→ **What you have to do**: Exact copies of the records below are needed, free of pictures.

→ **Source data**:

+---+

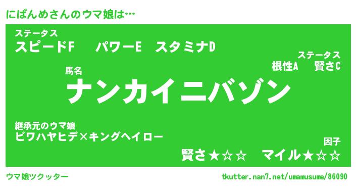 | ポケモン風あだ名 | 『ニバチュウ』『ニバンダネ』 |
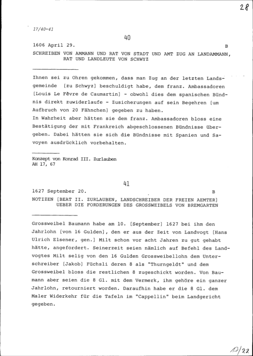 Schreiben des Ammanns und Rats von Stadt und Amt Zug an Landammann Rat und Landleute...
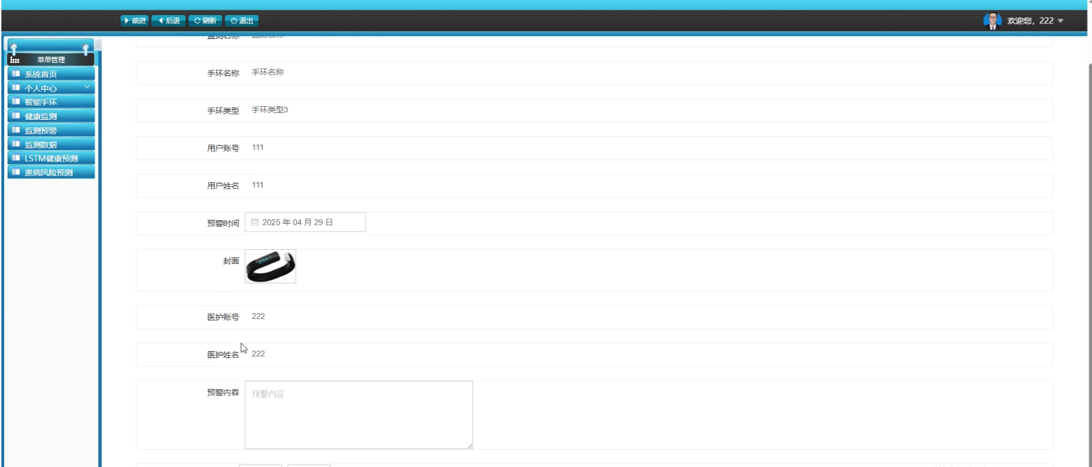 通过医护人员能够管理智能手环的详细信息,包括手环名称、颜色、价格、上市日期等,确保手环信息的完整性与准确性。
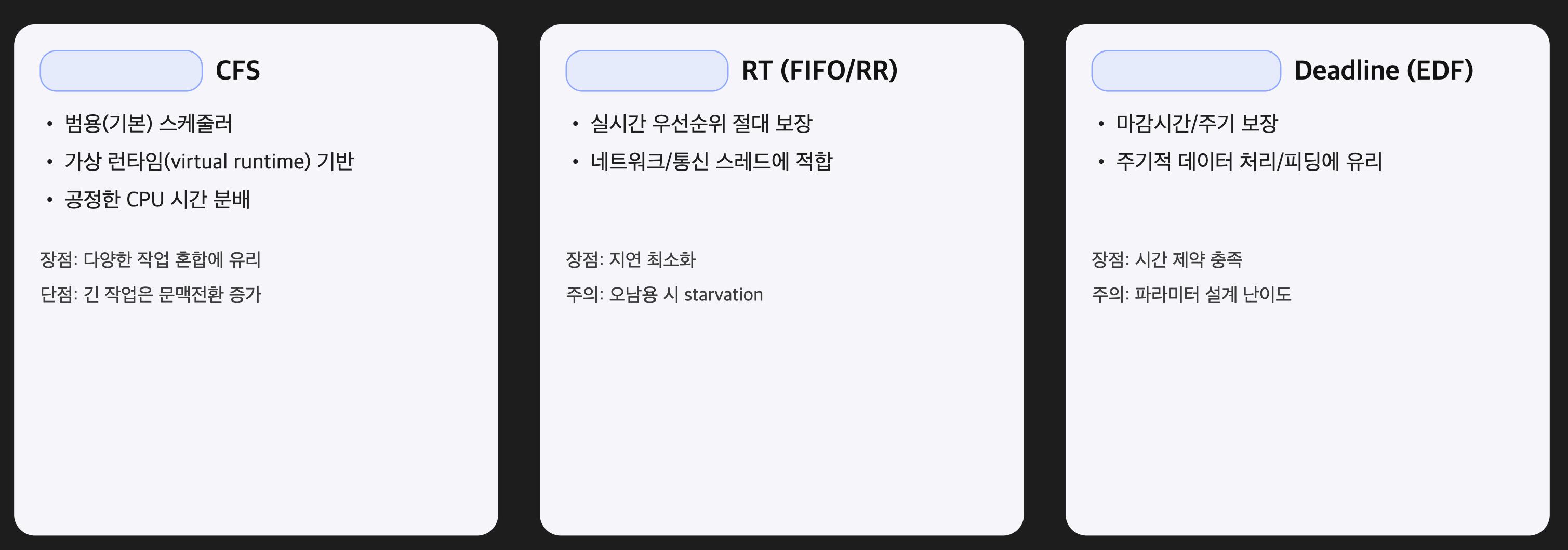 | CFS | 다양한 작업 혼합 가능 | 긴 작업이 자주 중단, 캐시 미스 증가 |
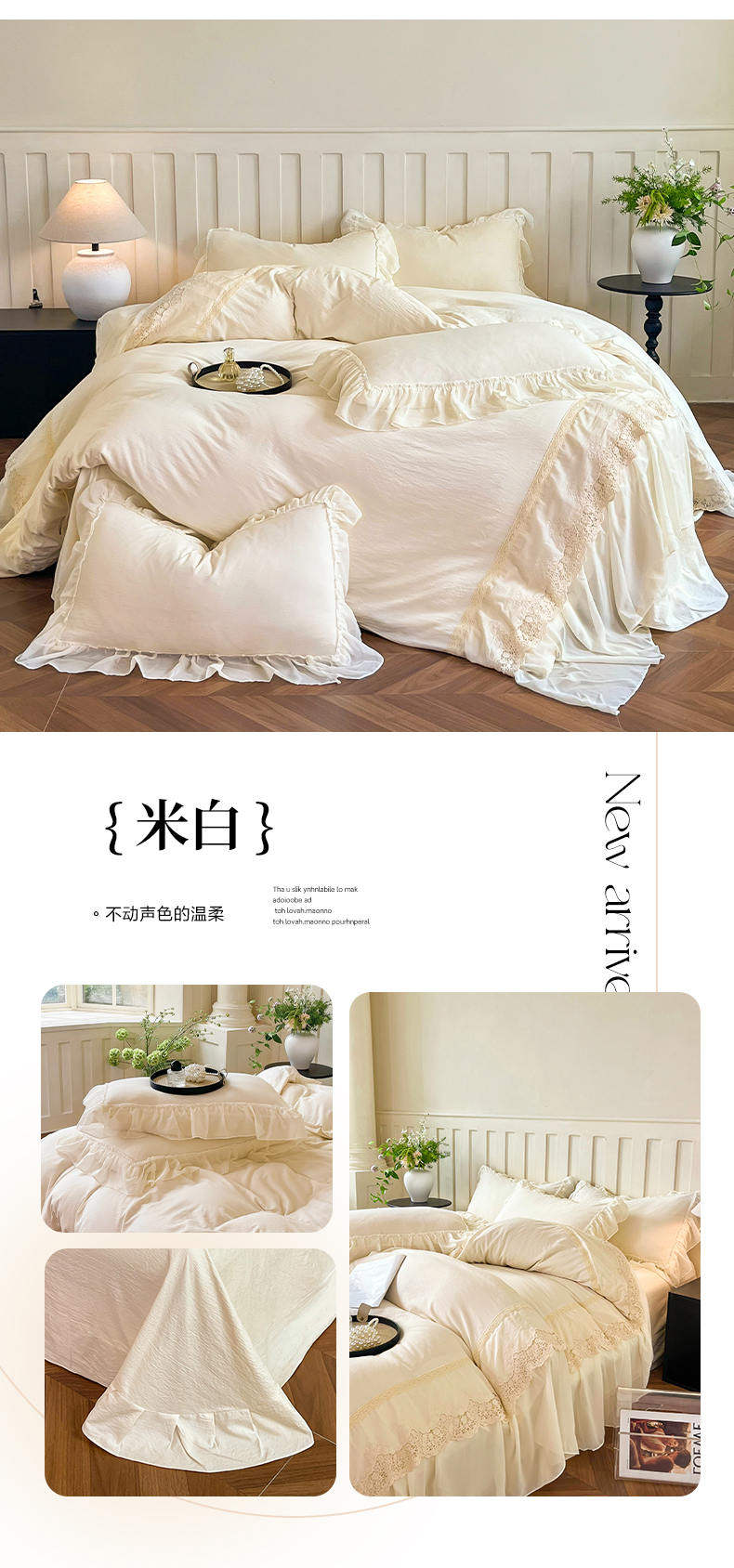 (总)庭笙 2025新款法式少女全棉镂空花边仙女梦幻纱蕾丝边四件套-清甜少女,清甜少女-米白,清甜少女-浅粉
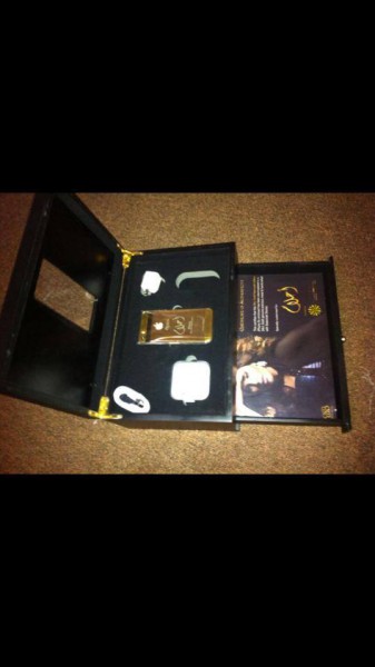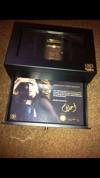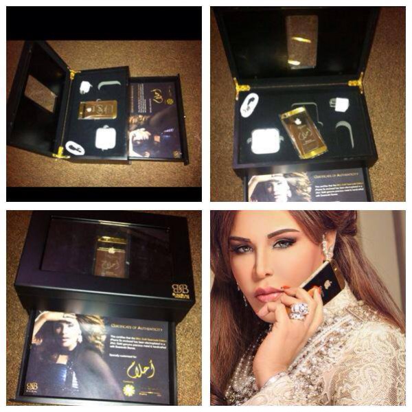 حيث نشرت الصور عبر الفيس بوك وكتبت:” هديه تليفون من الذهب الخالص عيار ٢٤ مرصع بالألماس من شركه bbluxury الف شكر لهم التيلفون رائع وكأنه تحفه فنيه ماشاء الله ” .

+---+

→ **Task response**:
 | ポケモン風あだ名 | 『ニバチュウ』『ニバンダネ』 |
 Schreiben des Ammanns und Rats von Stadt und Amt Zug an Landammann Rat und Landleute...
 通过医护人员能够管理智能手环的详细信息,包括手环名称、颜色、价格、上市日期等,确保手环信息的完整性与准确性。
 | CFS | 다양한 작업 혼합 가능 | 긴 작업이 자주 중단, 캐시 미스 증가 |
 (总)庭笙 2025新款法式少女全棉镂空花边仙女梦幻纱蕾丝边四件套-清甜少女,清甜少女-米白,清甜少女-浅粉
 حيث نشرت الصور عبر الفيس بوك وكتبت:” هديه تليفون من الذهب الخالص عيار ٢٤ مرصع بالألماس من شركه bbluxury الف شكر لهم التيلفون رائع وكأنه تحفه فنيه ماشاء الله ” .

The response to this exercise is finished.